Presidential Debate Analysis

Cameron MarlowOctober 1, 2004January 30, 2020Politics, Projects, Research

Whenever I watch a televised debate, I always wonder what percentage of the speaker’s message is actually thinking on the feet and how much is canned material. With the advent of available transcripts, these sorts of questions can be addressed with various computational methods.

A simple way to identify repeated statements is to count the number of times a particular noun phrase is metioned. Noun phrases act as both a proxy to the subject matter of a given piece of text, but also the way in which things are worded.

For this simple experiment, we’ll need four tools:

The transcript (simplified from the original)
Lingua::EN::Tagger, an English Part-of-speech tagger written in Perl
phrases.pl, a perl script to parse the document and extract the noun phrases
Debate Spotter, an interactive interface to visualize the results

The results are quite interesting. Looking only at noun phrases of at least 2 words occuring at least twice for a given speaker, we arrive at some spectacular catch phrases. For Bush my favorite is “hard work,” which he said repeatedly. Apparently Bush thinks that the world is a difficult place to be. For Kerry, a salient phrase was “war as a last resort.”

The top 25 phrases for Bush and Kerry follow. The number following each phrase is a rank described by the length of the phrase and the number of times it appeared.

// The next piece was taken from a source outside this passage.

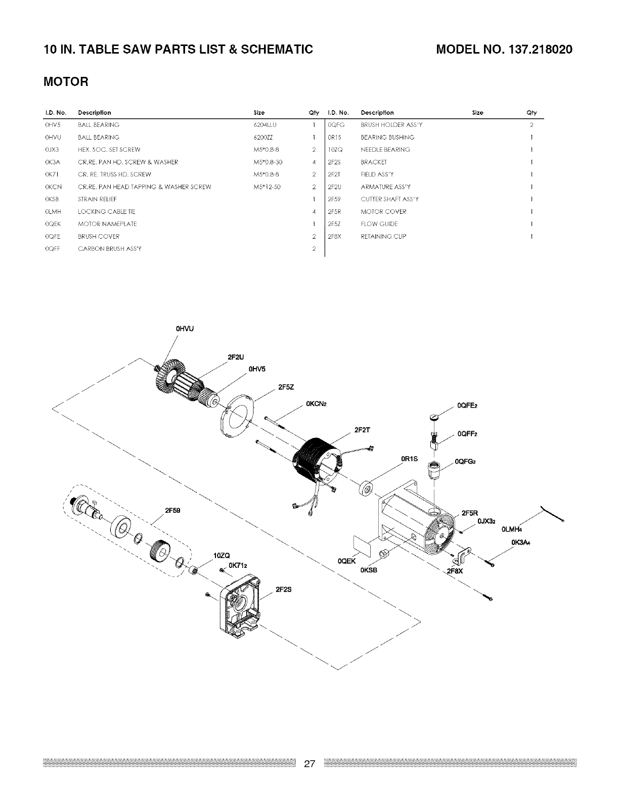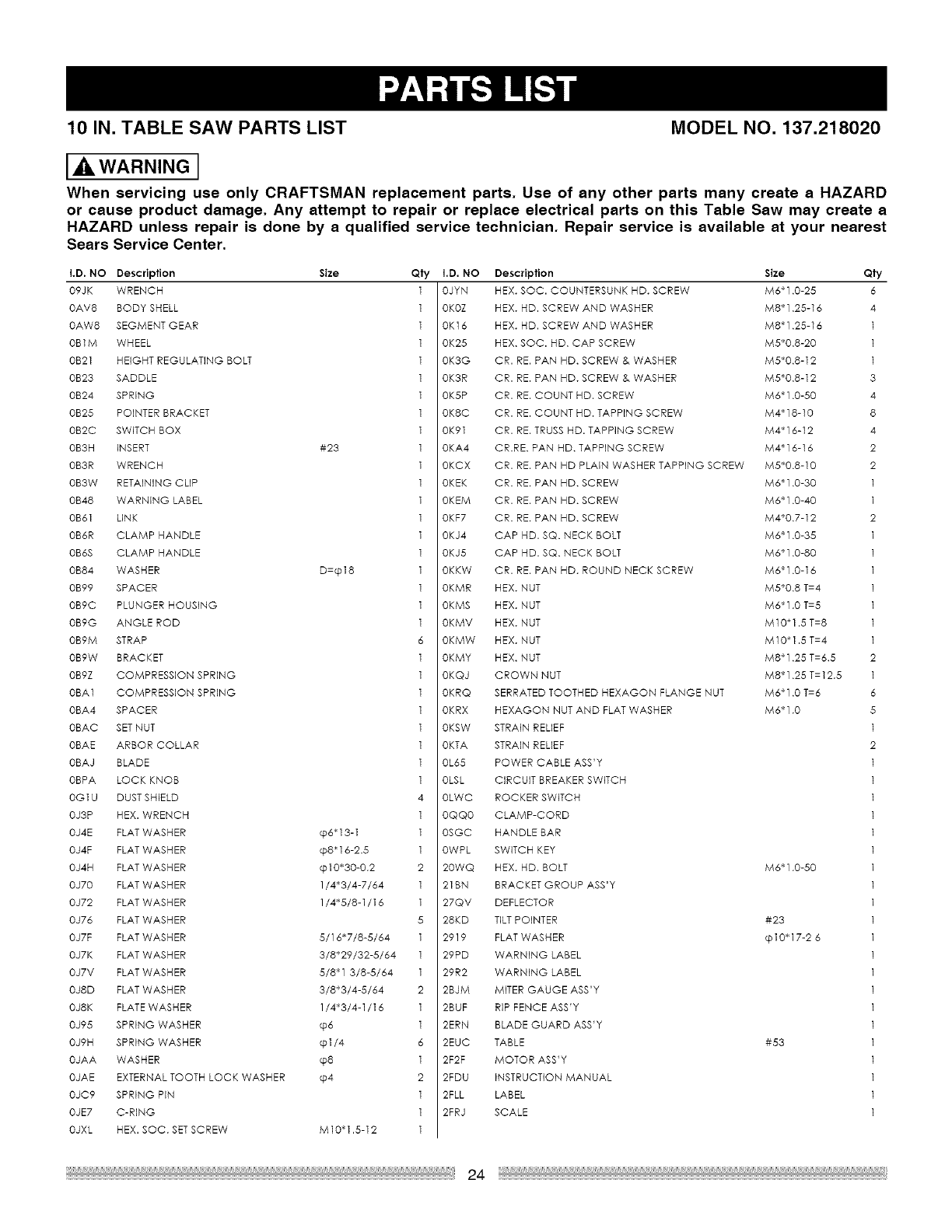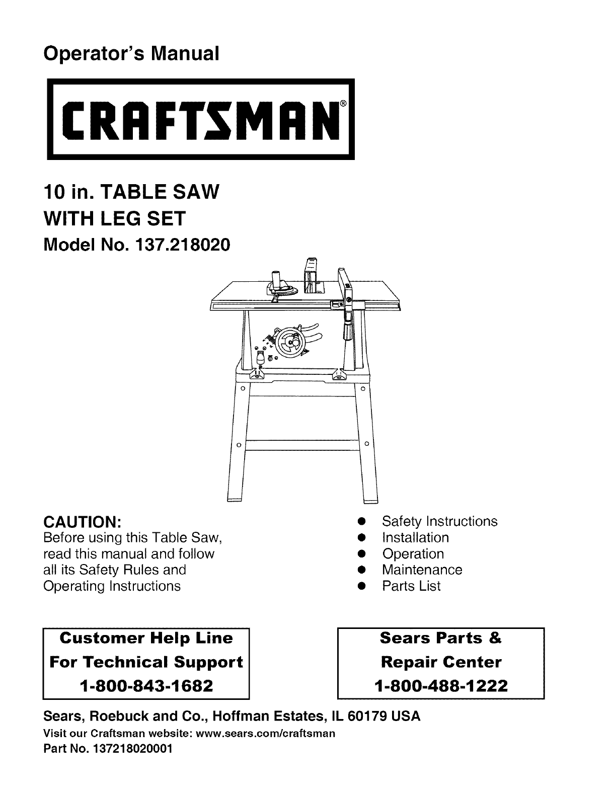 User Manual: Craftsman 137218020 137218020 CRAFTSMAN TABLE SAW - Manuals and Guides View the owners manual for your CRAFTSMAN TABLE SAW #137218020. Home:Tool Parts:Craftsman Parts:Craftsman TABLE SAW Manual

There are so many other types of analysis that could be run on these data. If you find anything interesting, please let me know. Also, the Debate Spotter allows for any query, so post any interesting phrases that you find.

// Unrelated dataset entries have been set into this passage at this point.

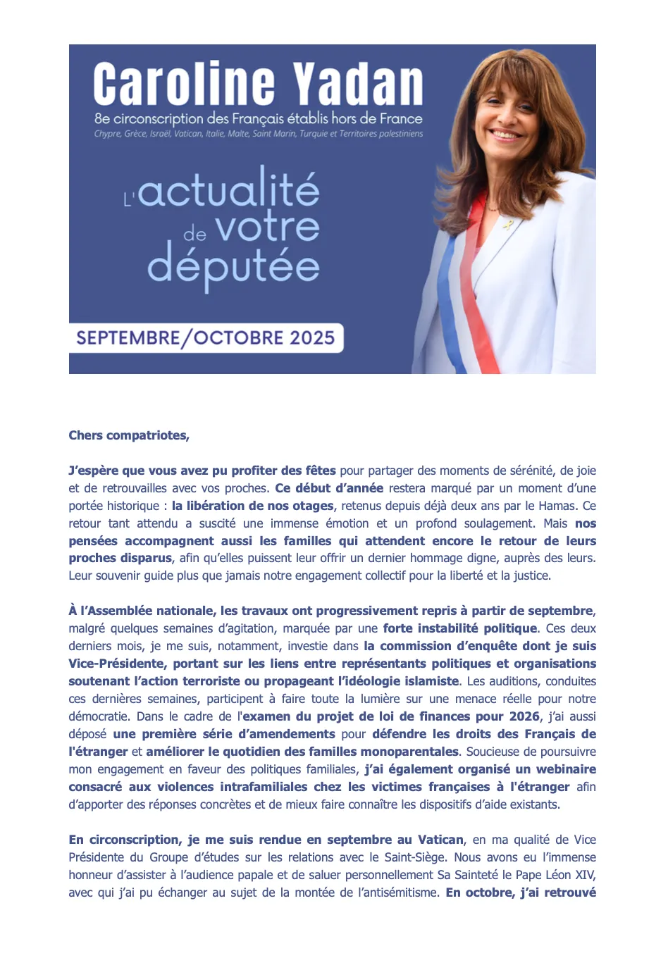 Lettre d'information Novembre / Décembre 2025 Israël
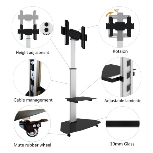 - Akcesoria w zestawie: Uchwyt do telewizora Kolumna Podstawa ze szkła hartowanego z 4 kołami Półka ze szkła hartowanego na sprzęt A/V Akcesoria instalacyjne Instrukcja obsługi
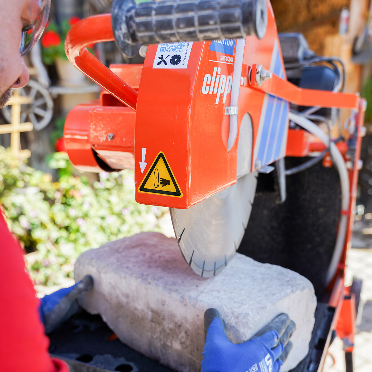Achte auf deine eigene Sicherheit und deine Gesundheit. Trage beim Arbeiten mit einer Steinsäge passende Arbeitskleidung, Arbeitshandschuhe, eine Schutzbrille und einen für diese Arbeiten passenden Gehörschutz. Üblicherweise wird hierfür ein Gehörschutz der Schutzstufe 3 eingesetzt.
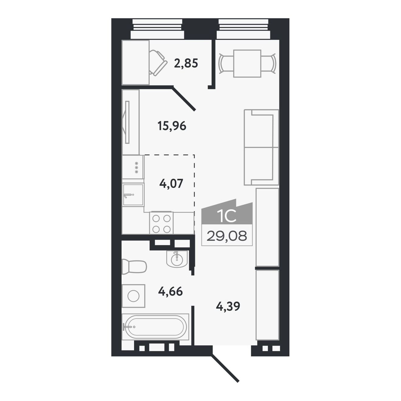 | Студии | от 29 м² до 90 м² | от 5,61 млн ₽ | 21 |

Update: I have also analyzed the Vice Presidential and the Second Presidential debates.

Bush

free iraq (14),
hard work (13),
wrong war at the wrong place at the wrong time (13),
wrong war at the wrong time at the wrong place (12),
north korea (10),
kim jong il (10),
my opponent (9),
american people (8),
same intelligence (8),
prime minister allawi (8),
best way (7),
free afghanistan (7),
world a more peaceful place (7),
mixed messages (7),
iraqi citizens (6),
al qaida (6),
weapons of mass destruction (6),
dynamics on the ground (6),
breach on the agreement (6),
end of this year (6),
grave threat (6),
matter of fact (5),
cannot lead (5),
grand diversion (5),
wrong signals (5)

Kerry

saddam hussein (14),
north korea (14),
nuclear weapons (10),
weapons of mass destruction (9),
osama bin (9),
united nations (9),
war as a last resort (9),
american people (8),
90 percent of the casualties (7),
nuclear proliferation (7),
remedies of the united nations (7),
90 percent of the costs (7),
united states of america (7),
homeland security (7),
mountains of tora bora (6),
10 active duty divisions (6),
different set of convictions (6),
four years (6),
president bush (6),
president of south korea (6),
strong alliances (6),
two years (5),
secretary of state (5),
tax cut (5),
bilateral talks (5)

80 thoughts on “Presidential Debate Analysis”

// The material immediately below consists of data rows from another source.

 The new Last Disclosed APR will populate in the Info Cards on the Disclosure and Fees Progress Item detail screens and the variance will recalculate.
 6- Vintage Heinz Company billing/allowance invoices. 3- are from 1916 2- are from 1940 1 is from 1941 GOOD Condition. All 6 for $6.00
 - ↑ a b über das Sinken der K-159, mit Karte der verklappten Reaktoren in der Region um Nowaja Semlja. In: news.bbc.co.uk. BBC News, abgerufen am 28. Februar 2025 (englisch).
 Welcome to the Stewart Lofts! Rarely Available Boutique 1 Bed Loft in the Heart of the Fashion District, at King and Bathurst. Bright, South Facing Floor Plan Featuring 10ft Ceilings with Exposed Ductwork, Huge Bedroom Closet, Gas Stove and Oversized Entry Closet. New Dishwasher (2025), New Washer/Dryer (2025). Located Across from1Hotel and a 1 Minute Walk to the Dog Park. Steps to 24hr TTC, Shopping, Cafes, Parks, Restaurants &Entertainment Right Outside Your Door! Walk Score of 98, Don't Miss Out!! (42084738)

Pingback: Erik Benson's Morale-O-Meter
Pingback: manalang.com
Alexander says:

October 1, 2004 at 3:56 pm

You forgot poland!

Reply
Celly says:

October 1, 2004 at 4:29 pm

You forgot “Smoooooooooooke’n” … woops, wrong Kerry.

Reply
cameron says:

October 1, 2004 at 4:41 pm

Actually, he forgot poland. I didn’t forget anything.

Reply
Anonymous says:

October 1, 2004 at 4:55 pm

You may want to rework your numbers. I searched the transcripts and counted occurrences of some of those phrases. The numbers you give are higher than the number of occurrences in the transcript (for example, Kerry’s mention of Tora Bora occurred only twice).

A very cool idea, though.

Reply
Pingback: ScaleFree.Net
Pingback: Echo's Diary
James says:

October 1, 2004 at 8:41 pm

Cameron, this is brilliant. Could it be used in conjuction with something that scrapes the pair’s campaign sites?

Reply
Anonymous says:

October 1, 2004 at 9:36 pm

The numbers he gives are not the nmber of times the phrase occurred. “The number following each phrase is a rank described by the length of the phrase and the number of times it appeared.”

Reply
cameron says:

October 1, 2004 at 11:10 pm

I needed to rank the phrases somehow, and just looking at the total occurences favors phrases that are short but common. Instead I made up my own ranking algorithm:

score = length (in words) + occurences

So a phrase with 8 words that appears twice will have a score of 10, the same as a phrase with 2 words that appears 5 times. I played around with this score for a while and this method seemed to pull up the most interesting results.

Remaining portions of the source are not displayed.